Methods: A systematic search of CINAHL, MEDLINE and Embase was undertaken using the search terms "intraosseous", "fat embolism", "fat intravasation" and "fat embolism syndrome". Two authors independently screened abstracts and full texts, against eligibility criteria and assessed risk of bias. A grey literature search (including references) was undertaken. Inclusion criteria were: all human and animal studies reporting novel data on IO-associated fat emboli. This systematic review was conducted in accordance with the Preferred Reporting Items for Systematic Reviews and Meta-Analysis.
Results: 22 papers were identified from the search, with a further 5 found from reference lists. N=7 full papers met inclusion criteria. These papers were all translational animal studies. The overall risk of bias was high. Studies demonstrated that fat intravasation and fat embolisation are near universal after IO infusion, but of uncertain clinical significance. The initial IO flush appears to cause the highest intramedullary pressure and highest chance of fat intravasation and embolisation. No conclusions could be drawn on FES.

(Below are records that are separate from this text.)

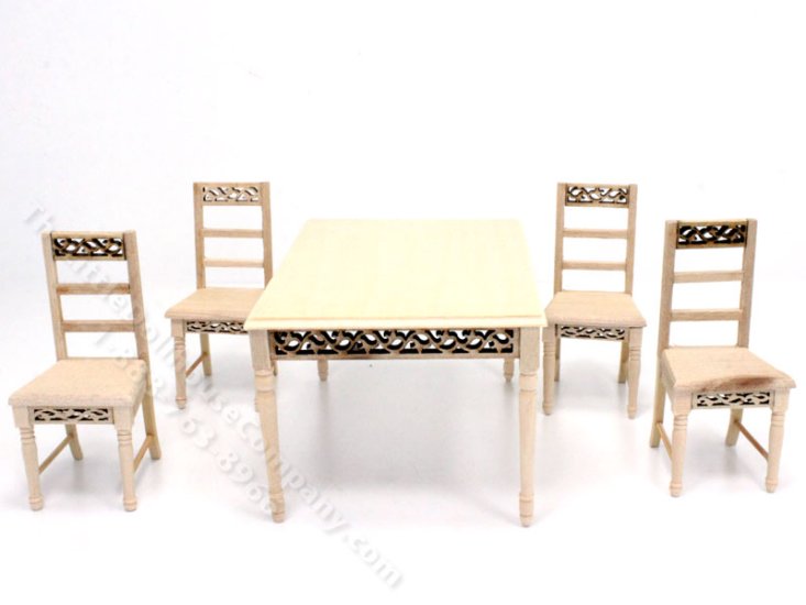 Miniature Unfinished 5pc Dining Set for Dollhouses [VIL DiningSetUF
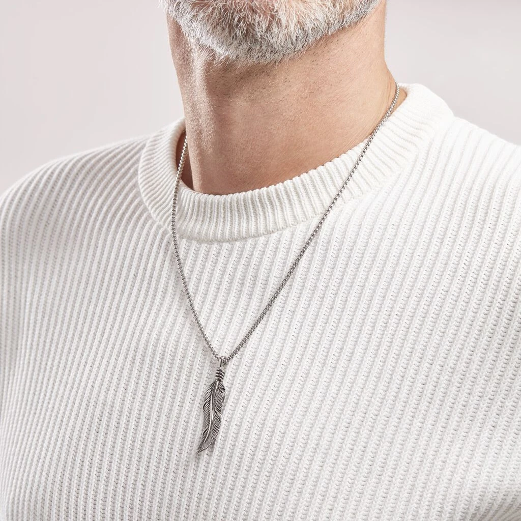 Collier Acier Vieilli Pendentif Plume Maille Venitienne 55cm
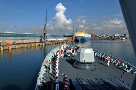 應坦桑尼亞(ya) 人民國防軍(jun) 海軍(jun) 邀請,完成亞(ya) 丁灣、索馬裏海域護航任務的中國海軍(jun) 第七批護航編隊“舟山”艦和“徐州”艦26日抵達坦桑尼亞(ya) 首都達累斯薩拉姆,開始為(wei) 期5天的正式友好訪問。
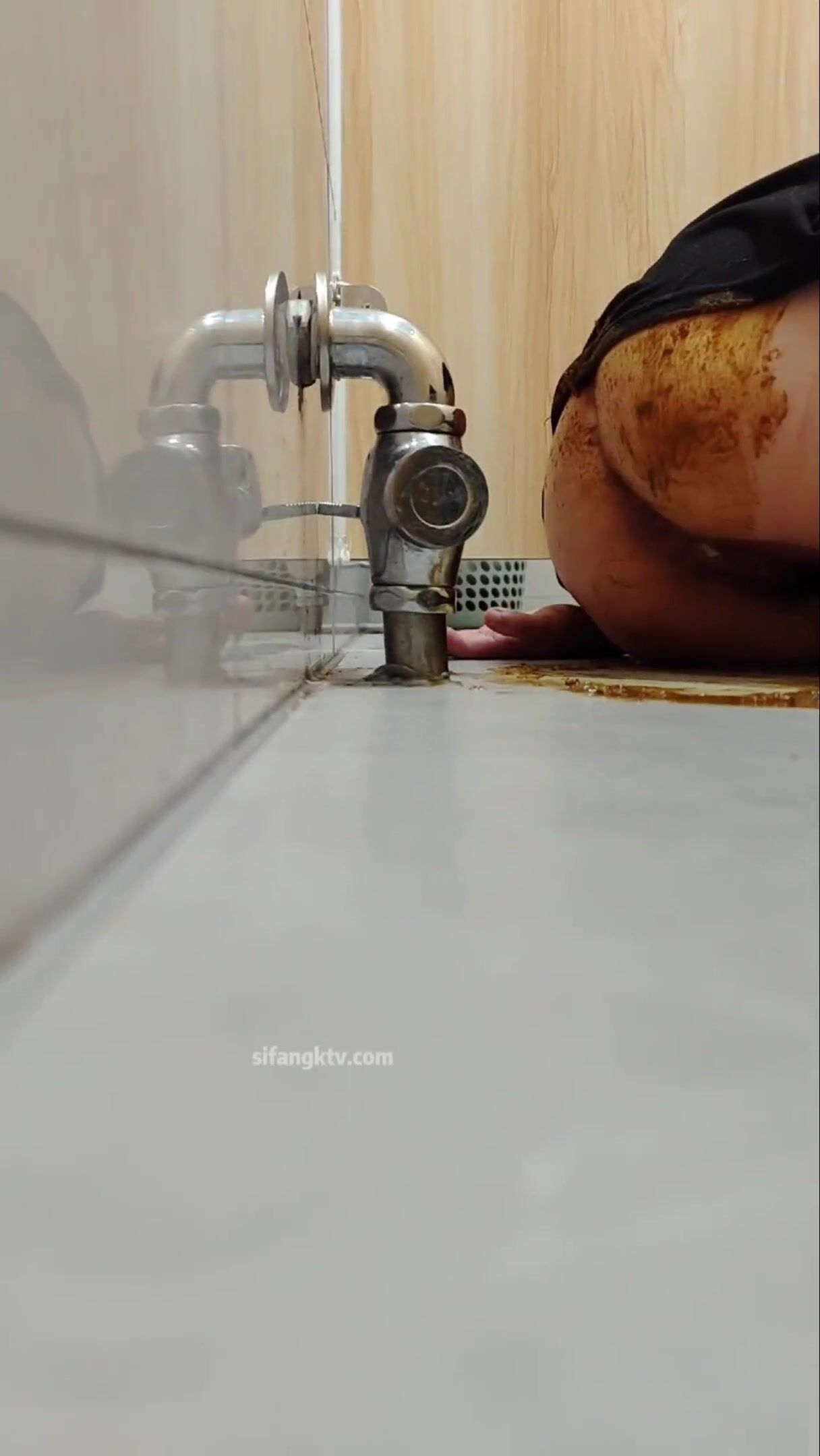 Drunk chinese girl sits on her poop
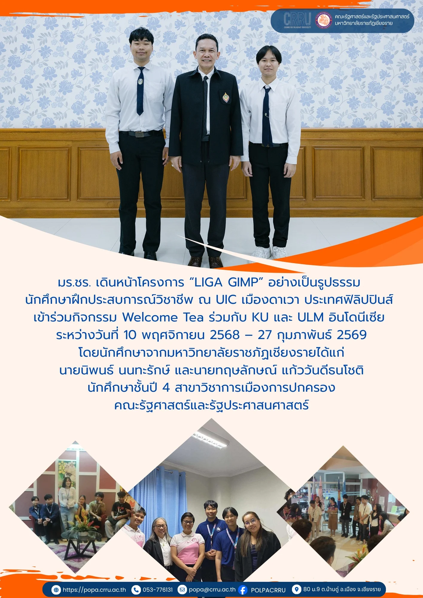 มหาวิทยาลัยราชภัฏเชียงราย (มร.ชร.) โดยการสนับสนุนของ รองศาสตราจารย์ ดร.ไพโรจน์ ด้วงนคร อธิการบดี เดินหน้าขับเคลื่อนโครงการ “LIGA GIMP (Global Internship & Mobility Program)” ภายใต้สถาบันภาษาและกิจการต่างประเทศ (LIGA) เพื่อส่งเสริมให้นักศึกษาได้รับประสบการณ์การเรียนรู้และฝึกปฏิบัติในระดับนานาชาติ
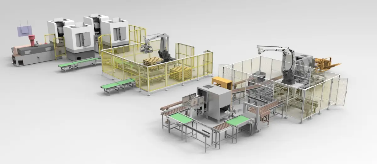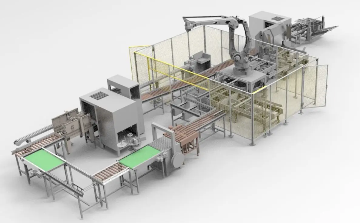 Large manipulator layout equipment lineMachine plus material machineCleaning machine, roller assembly lineManipulatorPackaging machineCarton packing machineTurn over blanking machineGrinding machine
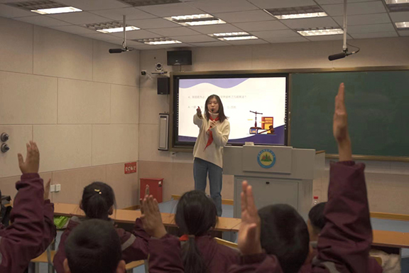 活动中,志愿者通过幻灯片和视频的形式向小学生们介绍了宪法的相关知识。为了调动他们的积极性,志愿者设置了有奖问答互动环节,互动中,同学们纷纷踊跃举手回答问题,气氛活跃,效果良好。志愿者还带领小学生们进行宪法宣誓,在一声声庄严的誓词中,同学们立志做热爱祖国、热爱人民,遵守宪法法律的社会主义建设者和接班人。
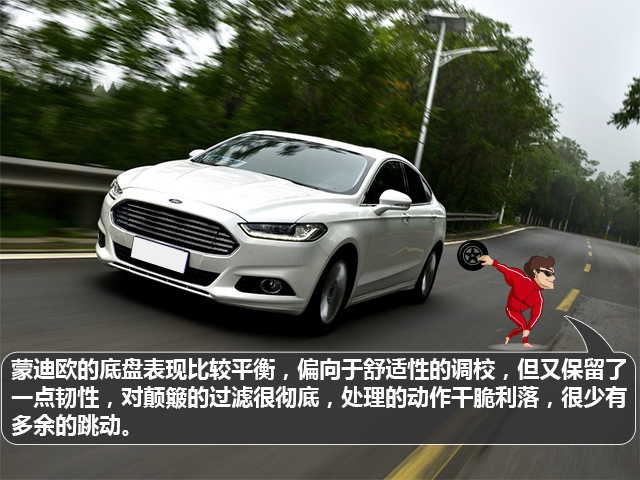 蒙迪欧的底盘表现比较平衡,偏向于舒适性的调校,但又保留了一点韧性,对颠簸的过滤很彻底,处理的动作干脆利落,很少有多余的跳动。而车厢的静谧性又是另一个有点,试驾过程中,即使开到120km/h的高速,蒙迪欧对路噪和风噪的抑制都很到位,整体的NVH水平很高。
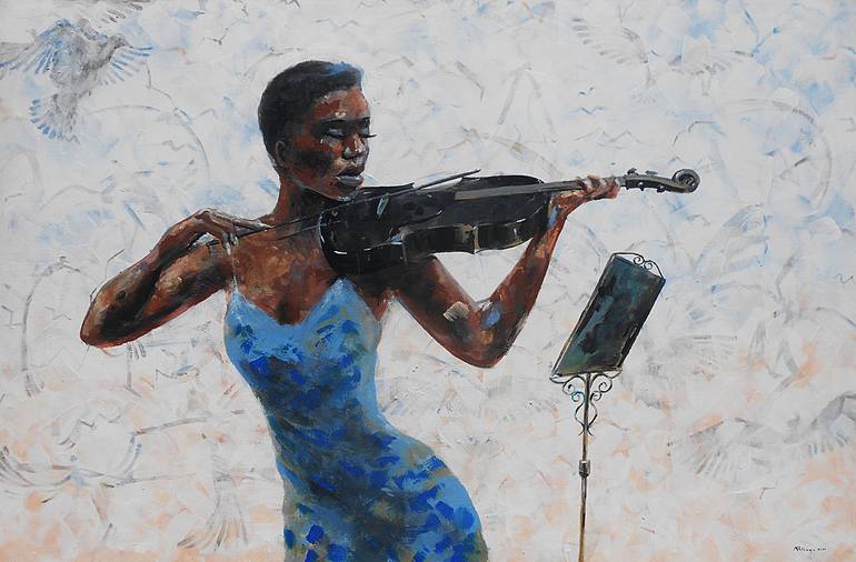 This piece portrays the beauty of music, every brush stroke, the tone was intended to express a sweet melody

Conclusions: IO catheters remain a useful intervention in the armamentarium of trauma clinicians. Although their use is widely accepted, there is a paucity of evidence investigating fat embolisation in IO infusions. Despite this, pulmonary fat emboli after IO infusion are very common. The existing data are of low quality with a high risk of bias. More research is needed to address this important subject.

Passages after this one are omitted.